中山は組み合わせ抽選会後、「僕たちのようなあまり歴史のない高校が静岡県から勝ち進むことで『王国復活』ということが達成されると思うので、それを成し遂げられるように頑張ります」と誓った。

 県予選で“王者・静学を破ったチーム”の目標は全国制覇。

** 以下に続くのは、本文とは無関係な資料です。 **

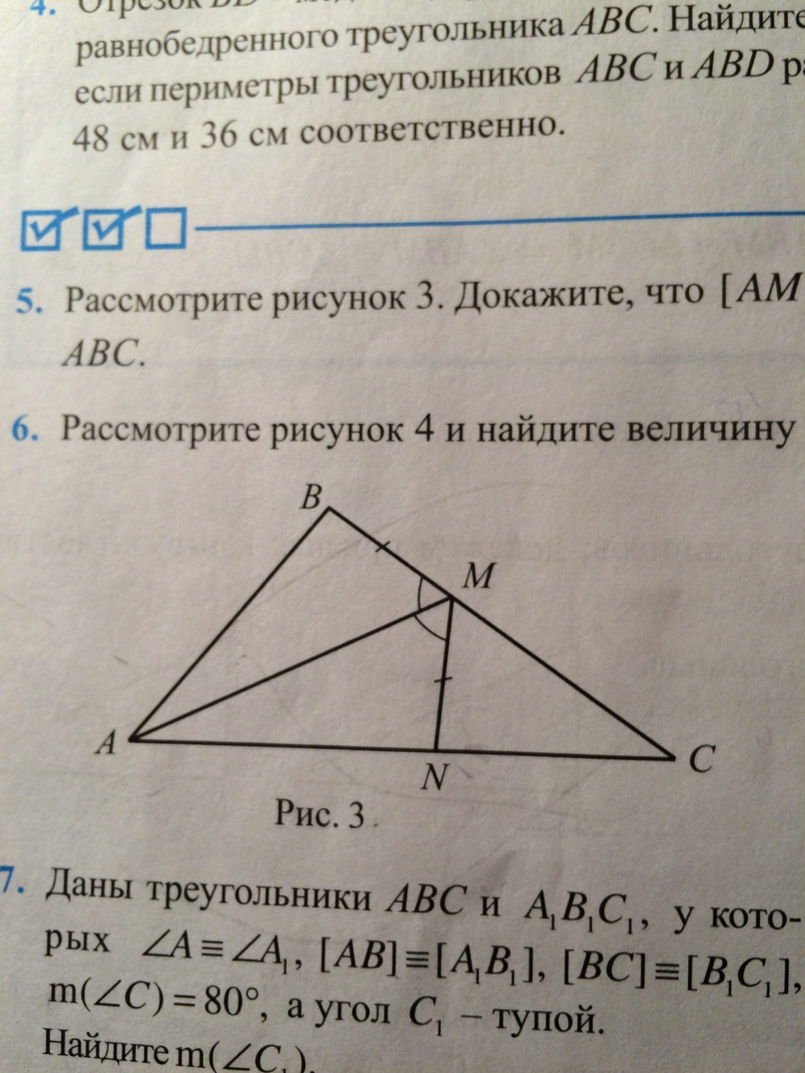 Они равны т.к. BM=MN по условию , AM - общая и угл BMA= углу NMA из этого следует , что угл BAM = углу MAN и видим , что AM- биссектриса по определению биссектриса, что и т.д.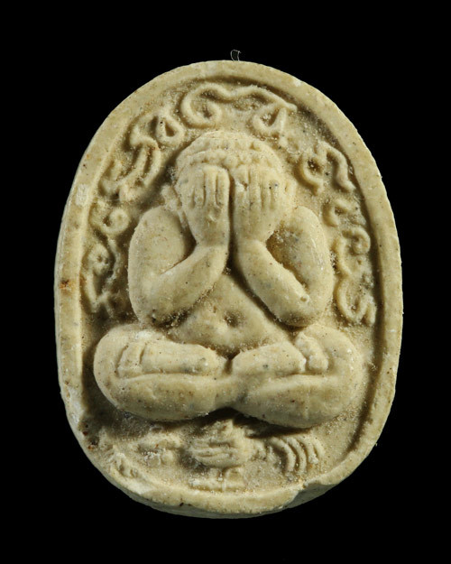 พระปิดตาหลังพระสังกัจจายน์ วัดป่า ชลบุรี เนื้อผงพุทธคุณครับ |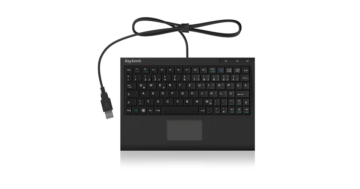 KeySonic ACK-3410, Mini, USB, Membraaniga klahvlüliti, Must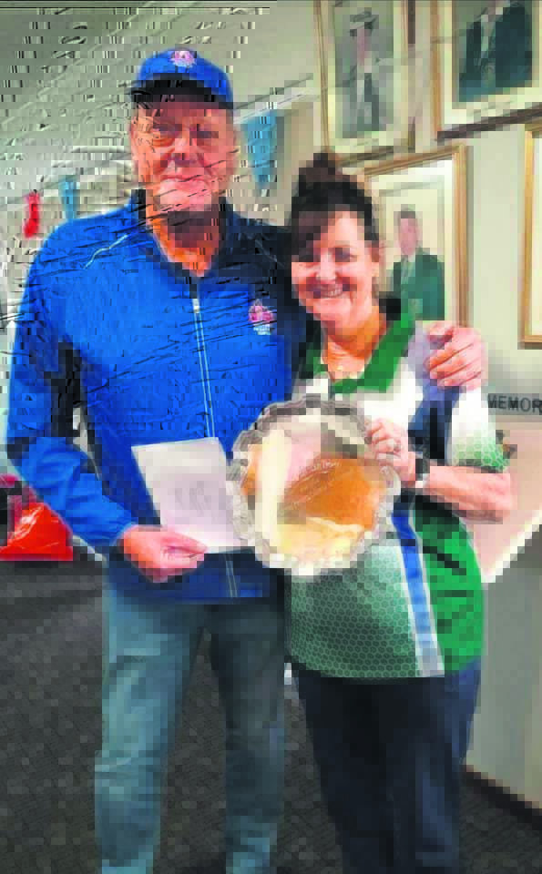 Susan Mckay-Vlok with Gerrit van Millegen, president of WP Bowls.

静岡学園のように抜きん出たテクニックやタレントがいる訳ではないが、中山が「自分たちは勝ったので自信を持って戦っていきたいです」と語るように、激戦区を制したことに自信を持ち、自分たちの良さを表現して頂点まで勝ち抜く。

【KEY PLAYER】MF賀茂大紀

 昨年度の静岡学園MF松村優太(現鹿島)をはじめ、静岡学園MF大島僚太(現川崎F)や清水市立商業GK川口能活(元横浜FMなど)、清水東DF相馬直樹(元鹿島など)、東海大一MF澤登正朗(元清水など)ら選手権静岡県予選の最高殊勲選手(MVP)には日本代表でも活躍したような選手たちの名が並ぶ。

 今年、そのリストに名を加えたのが、藤枝明誠の守備的ボランチMF賀茂大紀だ。「自分は、本当は点を獲る選手ではなく、守備の部分でチームに貢献する選手」と自己分析するが、県予選準決勝では昨年度日本一の静岡学園から2ゴール。決勝でもFKから先制ヘッドを叩き込んで最高殊勲選手に輝いた。

 チームが朝練習で磨いてきたセットプレーのフィニッシャー役として活躍。長身CB寺田昴弥らにマークが集まる中、170cm台前半の賀茂が貴重なゴールを連発した。だが、本人はまず守備でチームに貢献する考え。特に彼のセカンドボールの回収と鋭い寄せは藤枝明誠の生命線と言えるだけに、全国大会でも身体を張ってボールを奪い、味方に繋げる。

 賀茂は全国大会へ向けて「静岡から代表として出るので、全国制覇を目標に、自分たちのサッカーを披露して勝ち進んでいきたい」とコメント。全力で守備に取り組みながら、チャンスがあれば再び一発を狙う。